REQUIRED ACTION:
Take every line from the data that has the word "have" in it.

SUPPLIED RECORDS:
= Beginning of Section =
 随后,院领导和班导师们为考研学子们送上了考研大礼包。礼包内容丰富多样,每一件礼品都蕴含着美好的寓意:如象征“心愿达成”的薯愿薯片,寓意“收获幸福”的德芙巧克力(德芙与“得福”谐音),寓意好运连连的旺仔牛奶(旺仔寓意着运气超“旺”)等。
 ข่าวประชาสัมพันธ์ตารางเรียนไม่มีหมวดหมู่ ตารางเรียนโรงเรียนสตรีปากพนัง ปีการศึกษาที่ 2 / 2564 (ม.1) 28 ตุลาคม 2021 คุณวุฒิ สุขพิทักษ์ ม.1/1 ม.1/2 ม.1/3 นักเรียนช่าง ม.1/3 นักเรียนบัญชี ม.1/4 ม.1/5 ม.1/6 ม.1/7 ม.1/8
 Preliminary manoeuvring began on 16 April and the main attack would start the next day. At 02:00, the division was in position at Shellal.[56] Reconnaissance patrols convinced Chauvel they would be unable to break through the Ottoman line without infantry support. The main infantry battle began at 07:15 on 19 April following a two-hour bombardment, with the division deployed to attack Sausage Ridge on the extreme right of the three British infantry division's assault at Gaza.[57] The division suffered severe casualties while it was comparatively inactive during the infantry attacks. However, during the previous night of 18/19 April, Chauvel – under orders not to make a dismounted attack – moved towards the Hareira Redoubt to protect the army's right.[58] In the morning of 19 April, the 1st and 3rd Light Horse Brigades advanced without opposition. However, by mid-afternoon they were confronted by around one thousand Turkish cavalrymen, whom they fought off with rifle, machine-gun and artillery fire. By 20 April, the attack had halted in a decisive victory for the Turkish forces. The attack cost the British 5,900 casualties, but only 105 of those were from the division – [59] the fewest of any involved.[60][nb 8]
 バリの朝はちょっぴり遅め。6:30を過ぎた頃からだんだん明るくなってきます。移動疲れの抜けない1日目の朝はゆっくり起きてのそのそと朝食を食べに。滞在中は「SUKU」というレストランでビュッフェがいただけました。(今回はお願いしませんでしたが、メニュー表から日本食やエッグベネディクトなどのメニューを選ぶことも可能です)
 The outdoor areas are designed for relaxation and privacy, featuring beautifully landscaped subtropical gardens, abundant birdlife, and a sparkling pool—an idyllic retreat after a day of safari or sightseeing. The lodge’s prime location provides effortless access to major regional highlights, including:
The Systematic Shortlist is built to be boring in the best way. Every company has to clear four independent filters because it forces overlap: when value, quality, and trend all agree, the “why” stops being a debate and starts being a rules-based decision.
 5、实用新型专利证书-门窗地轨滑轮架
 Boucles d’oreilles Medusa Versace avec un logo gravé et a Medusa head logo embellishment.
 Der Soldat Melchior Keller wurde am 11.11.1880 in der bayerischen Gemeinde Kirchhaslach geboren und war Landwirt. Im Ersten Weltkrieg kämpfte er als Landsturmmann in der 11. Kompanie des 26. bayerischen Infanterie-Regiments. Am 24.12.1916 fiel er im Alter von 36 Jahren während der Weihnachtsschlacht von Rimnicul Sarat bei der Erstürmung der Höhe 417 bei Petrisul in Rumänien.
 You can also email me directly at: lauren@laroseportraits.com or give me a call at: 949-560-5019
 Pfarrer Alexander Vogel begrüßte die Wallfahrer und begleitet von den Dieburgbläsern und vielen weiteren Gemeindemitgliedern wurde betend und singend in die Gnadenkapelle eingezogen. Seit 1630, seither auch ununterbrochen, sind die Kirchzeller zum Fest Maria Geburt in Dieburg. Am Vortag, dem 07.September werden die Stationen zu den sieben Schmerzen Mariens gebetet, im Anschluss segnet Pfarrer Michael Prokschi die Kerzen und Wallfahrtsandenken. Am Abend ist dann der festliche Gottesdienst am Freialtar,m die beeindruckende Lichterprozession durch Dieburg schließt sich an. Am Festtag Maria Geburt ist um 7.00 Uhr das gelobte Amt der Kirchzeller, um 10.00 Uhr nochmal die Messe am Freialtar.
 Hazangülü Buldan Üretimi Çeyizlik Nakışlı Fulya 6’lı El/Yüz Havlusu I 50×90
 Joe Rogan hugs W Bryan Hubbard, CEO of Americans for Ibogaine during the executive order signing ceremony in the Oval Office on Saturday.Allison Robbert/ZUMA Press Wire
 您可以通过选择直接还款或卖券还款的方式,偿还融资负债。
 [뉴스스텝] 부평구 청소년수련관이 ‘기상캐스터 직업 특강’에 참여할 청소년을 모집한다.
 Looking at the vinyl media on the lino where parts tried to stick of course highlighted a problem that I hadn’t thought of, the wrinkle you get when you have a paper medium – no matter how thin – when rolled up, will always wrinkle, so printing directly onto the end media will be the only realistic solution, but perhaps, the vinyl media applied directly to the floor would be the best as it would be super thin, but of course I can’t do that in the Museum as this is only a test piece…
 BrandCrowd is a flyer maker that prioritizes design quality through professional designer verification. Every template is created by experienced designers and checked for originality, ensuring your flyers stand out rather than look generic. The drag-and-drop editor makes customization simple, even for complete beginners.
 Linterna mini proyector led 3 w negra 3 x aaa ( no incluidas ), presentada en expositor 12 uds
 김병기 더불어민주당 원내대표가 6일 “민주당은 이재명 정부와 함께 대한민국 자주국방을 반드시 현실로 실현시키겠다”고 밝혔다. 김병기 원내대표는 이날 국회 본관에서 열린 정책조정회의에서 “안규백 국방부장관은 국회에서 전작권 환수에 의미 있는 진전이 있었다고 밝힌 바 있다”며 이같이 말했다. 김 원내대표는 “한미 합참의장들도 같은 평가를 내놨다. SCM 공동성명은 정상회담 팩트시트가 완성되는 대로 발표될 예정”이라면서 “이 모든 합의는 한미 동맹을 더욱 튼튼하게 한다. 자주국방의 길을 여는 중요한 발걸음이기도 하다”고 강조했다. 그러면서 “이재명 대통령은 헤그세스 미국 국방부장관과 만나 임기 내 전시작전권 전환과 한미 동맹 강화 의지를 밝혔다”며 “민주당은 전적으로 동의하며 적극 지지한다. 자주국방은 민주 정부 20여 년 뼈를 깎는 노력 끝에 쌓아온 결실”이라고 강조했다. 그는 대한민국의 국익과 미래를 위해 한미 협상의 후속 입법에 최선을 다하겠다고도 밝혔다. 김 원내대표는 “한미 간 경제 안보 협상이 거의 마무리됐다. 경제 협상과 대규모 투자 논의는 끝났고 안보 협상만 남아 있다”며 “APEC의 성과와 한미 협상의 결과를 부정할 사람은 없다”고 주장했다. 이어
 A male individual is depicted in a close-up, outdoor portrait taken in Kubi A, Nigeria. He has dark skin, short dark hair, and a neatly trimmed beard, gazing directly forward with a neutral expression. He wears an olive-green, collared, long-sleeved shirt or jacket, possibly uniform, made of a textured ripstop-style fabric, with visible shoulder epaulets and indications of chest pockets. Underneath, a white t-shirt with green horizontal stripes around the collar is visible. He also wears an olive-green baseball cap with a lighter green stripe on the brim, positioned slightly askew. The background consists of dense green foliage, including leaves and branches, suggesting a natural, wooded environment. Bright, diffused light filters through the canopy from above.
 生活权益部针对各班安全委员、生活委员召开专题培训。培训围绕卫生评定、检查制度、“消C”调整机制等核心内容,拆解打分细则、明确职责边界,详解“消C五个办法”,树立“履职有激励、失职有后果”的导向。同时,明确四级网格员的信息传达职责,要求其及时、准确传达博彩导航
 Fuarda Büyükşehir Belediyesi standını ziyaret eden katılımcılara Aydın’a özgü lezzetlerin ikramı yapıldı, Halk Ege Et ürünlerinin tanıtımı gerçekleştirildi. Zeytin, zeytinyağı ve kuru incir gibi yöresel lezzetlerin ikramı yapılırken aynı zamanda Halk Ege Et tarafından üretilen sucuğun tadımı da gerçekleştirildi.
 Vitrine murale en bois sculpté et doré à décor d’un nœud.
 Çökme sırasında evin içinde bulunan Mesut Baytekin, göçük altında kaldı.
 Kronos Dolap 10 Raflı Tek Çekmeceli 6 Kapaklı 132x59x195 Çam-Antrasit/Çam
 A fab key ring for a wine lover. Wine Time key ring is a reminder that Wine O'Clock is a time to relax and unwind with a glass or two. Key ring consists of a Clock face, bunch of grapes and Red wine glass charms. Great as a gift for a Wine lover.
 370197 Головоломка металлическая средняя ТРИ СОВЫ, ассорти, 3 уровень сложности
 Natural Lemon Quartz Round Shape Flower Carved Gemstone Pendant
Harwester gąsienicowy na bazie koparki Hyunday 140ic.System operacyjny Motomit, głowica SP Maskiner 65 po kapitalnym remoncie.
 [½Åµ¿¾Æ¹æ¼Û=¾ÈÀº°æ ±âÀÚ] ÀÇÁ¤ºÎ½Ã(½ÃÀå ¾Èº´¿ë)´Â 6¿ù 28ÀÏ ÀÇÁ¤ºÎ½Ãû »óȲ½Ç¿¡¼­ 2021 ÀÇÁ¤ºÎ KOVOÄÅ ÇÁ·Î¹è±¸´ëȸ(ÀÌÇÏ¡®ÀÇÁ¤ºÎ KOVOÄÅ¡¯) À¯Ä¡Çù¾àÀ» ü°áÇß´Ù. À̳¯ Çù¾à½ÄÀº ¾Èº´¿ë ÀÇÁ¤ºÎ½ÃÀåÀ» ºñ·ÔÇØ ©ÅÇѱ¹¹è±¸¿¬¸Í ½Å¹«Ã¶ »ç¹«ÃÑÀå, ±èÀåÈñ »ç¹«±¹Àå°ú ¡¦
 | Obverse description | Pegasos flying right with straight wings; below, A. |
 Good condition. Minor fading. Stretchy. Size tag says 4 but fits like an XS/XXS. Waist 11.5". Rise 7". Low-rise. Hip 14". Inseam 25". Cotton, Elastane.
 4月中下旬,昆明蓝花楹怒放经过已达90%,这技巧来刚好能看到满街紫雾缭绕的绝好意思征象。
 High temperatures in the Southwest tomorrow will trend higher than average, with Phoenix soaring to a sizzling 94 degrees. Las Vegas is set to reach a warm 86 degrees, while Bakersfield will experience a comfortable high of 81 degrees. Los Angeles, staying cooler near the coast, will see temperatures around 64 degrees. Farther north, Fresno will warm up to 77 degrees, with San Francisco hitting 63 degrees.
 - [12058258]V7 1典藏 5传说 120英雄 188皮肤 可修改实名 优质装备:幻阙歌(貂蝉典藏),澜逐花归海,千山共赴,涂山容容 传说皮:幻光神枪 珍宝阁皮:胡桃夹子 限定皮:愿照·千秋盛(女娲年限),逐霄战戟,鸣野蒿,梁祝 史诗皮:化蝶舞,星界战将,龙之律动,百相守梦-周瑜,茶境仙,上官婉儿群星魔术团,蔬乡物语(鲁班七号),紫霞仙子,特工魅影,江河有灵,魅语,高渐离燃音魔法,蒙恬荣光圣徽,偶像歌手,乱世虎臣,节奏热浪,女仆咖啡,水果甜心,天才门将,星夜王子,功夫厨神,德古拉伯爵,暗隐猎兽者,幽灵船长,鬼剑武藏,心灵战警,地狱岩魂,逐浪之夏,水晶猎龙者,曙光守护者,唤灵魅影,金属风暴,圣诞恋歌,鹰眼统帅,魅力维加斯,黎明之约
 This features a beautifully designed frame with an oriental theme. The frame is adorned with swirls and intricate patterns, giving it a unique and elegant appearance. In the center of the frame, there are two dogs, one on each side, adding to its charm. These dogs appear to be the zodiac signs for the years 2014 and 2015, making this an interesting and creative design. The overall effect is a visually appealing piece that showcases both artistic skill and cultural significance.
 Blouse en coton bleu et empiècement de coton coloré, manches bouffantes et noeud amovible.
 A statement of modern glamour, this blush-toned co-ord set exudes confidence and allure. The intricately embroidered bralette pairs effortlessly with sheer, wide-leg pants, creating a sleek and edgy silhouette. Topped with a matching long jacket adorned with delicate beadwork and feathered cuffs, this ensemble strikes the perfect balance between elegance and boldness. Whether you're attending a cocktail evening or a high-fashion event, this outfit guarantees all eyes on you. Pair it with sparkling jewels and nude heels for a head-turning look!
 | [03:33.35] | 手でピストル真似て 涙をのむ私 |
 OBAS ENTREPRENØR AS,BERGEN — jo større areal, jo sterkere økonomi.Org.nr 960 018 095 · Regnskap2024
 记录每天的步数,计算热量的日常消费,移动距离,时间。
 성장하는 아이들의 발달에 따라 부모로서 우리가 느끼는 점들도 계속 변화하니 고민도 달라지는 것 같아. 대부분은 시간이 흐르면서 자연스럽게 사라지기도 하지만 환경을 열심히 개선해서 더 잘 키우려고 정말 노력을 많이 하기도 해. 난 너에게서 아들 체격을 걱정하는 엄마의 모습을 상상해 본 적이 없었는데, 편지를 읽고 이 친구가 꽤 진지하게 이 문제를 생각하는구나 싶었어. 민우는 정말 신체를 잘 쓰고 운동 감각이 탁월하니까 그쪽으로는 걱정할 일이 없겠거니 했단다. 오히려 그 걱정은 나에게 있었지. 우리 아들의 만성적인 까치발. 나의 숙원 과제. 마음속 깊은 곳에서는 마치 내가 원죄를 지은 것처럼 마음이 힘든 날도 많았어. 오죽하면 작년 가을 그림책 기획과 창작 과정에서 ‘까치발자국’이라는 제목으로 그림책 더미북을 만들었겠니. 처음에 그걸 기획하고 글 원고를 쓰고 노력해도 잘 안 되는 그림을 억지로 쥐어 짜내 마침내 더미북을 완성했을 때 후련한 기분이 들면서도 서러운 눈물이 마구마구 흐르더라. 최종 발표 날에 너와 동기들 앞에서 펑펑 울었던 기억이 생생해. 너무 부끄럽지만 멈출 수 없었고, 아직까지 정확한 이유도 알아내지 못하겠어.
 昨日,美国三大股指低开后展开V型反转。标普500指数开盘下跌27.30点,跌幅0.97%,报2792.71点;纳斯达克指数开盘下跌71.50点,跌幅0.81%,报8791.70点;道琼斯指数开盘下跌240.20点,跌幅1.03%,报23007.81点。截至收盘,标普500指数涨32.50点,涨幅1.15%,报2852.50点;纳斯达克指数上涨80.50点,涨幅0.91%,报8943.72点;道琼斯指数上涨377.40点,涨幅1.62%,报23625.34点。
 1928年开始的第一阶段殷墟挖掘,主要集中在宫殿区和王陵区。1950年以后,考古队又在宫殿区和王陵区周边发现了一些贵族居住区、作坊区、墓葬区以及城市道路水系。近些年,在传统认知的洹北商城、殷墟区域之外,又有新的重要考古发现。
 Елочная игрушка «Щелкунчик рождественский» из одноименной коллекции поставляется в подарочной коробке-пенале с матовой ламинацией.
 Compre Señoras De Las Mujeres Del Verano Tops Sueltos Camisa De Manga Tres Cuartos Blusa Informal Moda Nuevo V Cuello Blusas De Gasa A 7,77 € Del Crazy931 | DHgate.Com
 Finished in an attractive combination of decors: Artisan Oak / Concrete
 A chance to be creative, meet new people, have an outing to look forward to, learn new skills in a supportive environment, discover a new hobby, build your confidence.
= End of Section =
SOLUTION:
 Looking at the vinyl media on the lino where parts tried to stick of course highlighted a problem that I hadn’t thought of, the wrinkle you get when you have a paper medium – no matter how thin – when rolled up, will always wrinkle, so printing directly onto the end media will be the only realistic solution, but perhaps, the vinyl media applied directly to the floor would be the best as it would be super thin, but of course I can’t do that in the Museum as this is only a test piece…
 A chance to be creative, meet new people, have an outing to look forward to, learn new skills in a supportive environment, discover a new hobby, build your confidence.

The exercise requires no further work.